Christopher K. Wikle
The climate system consists of interactions between physical, biological, chemical, and human processes across a wide range of spatial and temporal scales. Characterizing the behavior of components of this system is crucial for scientists and decision makers. There is substantial uncertainty associated with observations of this system as well as our understanding of various system components and their interaction. Thus, inference and prediction in climate science should accommodate uncertainty in order to facilitate the decision-making process. Statistical science is designed to provide the tools to perform inference and prediction in the presence of uncertainty. In particular, the field of spatial statistics considers inference and prediction for uncertain processes that exhibit dependence in space and/or time. Traditionally, this is done descriptively through the characterization of the first two moments of the process, one expressing the mean structure and one accounting for dependence through covariability.

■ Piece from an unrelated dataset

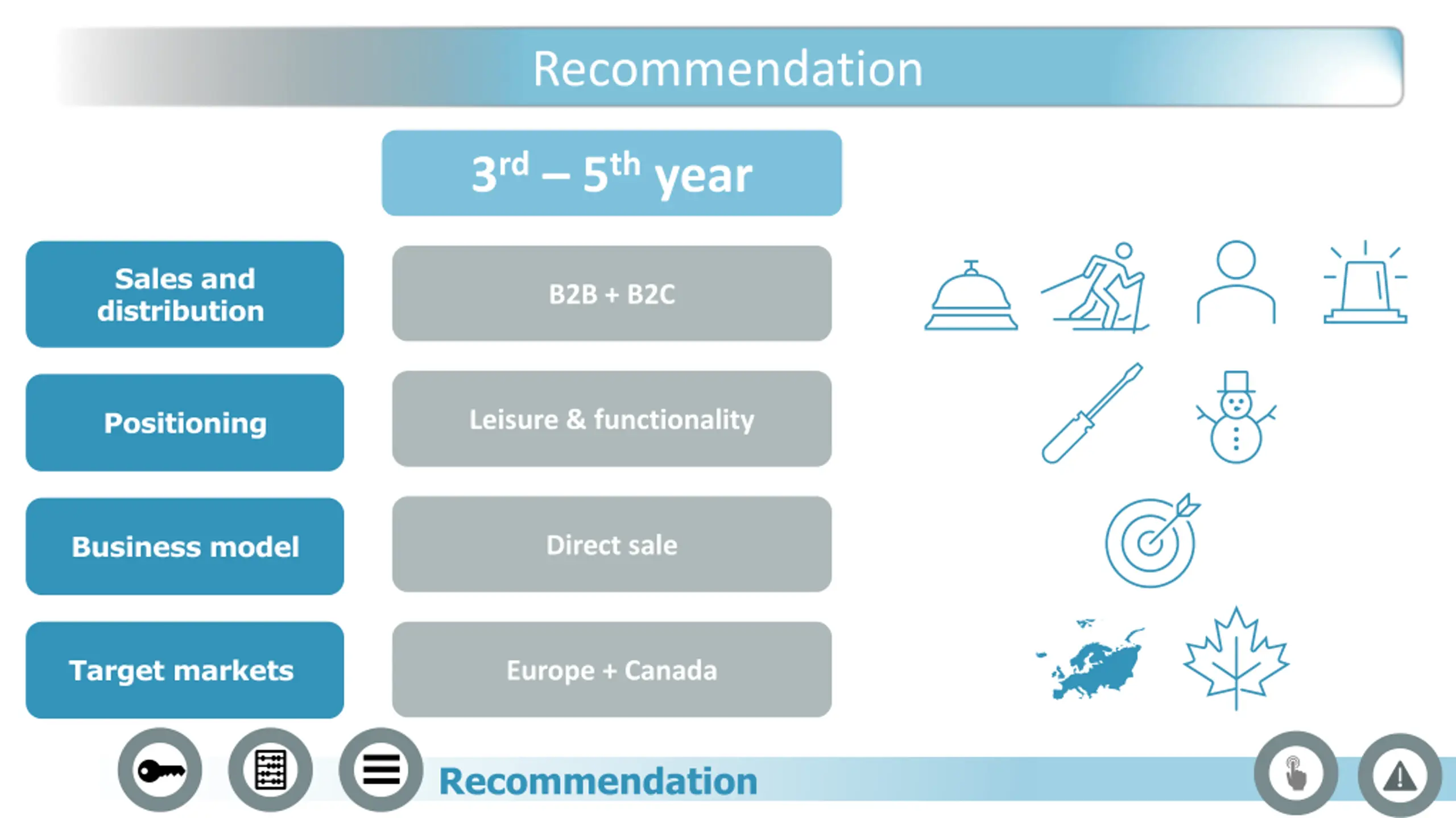 Recommendation 3rd 5thyear Sales and distribution B2B + B2C Positioning Leisure & functionality Business model Direct sale Target markets Europe + Canada Recommendation

Historically, there are three primary areas of methodological development in spatial statistics: geostatistics, which considers processes that vary continuously over space; areal or lattice processes, which considers processes that are defined on a countable discrete domain (e.g., political units); and, spatial point patterns (or point processes), which consider the locations of events in space to be a random process. All of these methods have been used in the climate sciences, but the most prominent has been the geostatistical methodology. This methodology was simultaneously discovered in geology and in meteorology and provides a way to do optimal prediction (interpolation) in space and can facilitate parameter inference for spatial data. These methods rely strongly on Gaussian process theory, which is increasingly of interest in machine learning. These methods are common in the spatial statistics literature, but much development is still being done in the area to accommodate more complex processes and “big data” applications. Newer approaches are based on restricting models to neighbor-based representations or reformulating the random spatial process in terms of a basis expansion. There are many computational and flexibility advantages to these approaches, depending on the specific implementation. Complexity is also increasingly being accommodated through the use of the hierarchical modeling paradigm, which provides a probabilistically consistent way to decompose the data, process, and parameters corresponding to the spatial or spatio-temporal process.
Perhaps the biggest challenge in modern applications of spatial and spatio-temporal statistics is to develop methods that are flexible yet can account for the complex dependencies between and across processes, account for uncertainty in all aspects of the problem, and still be computationally tractable. These are daunting challenges, yet it is a very active area of research, and new solutions are constantly being developed. New methods are also being rapidly developed in the machine learning community, and these methods are increasingly more applicable to dependent processes. The interaction and cross-fertilization between the machine learning and spatial statistics community is growing, which will likely lead to a new generation of spatial statistical methods that are applicable to climate science.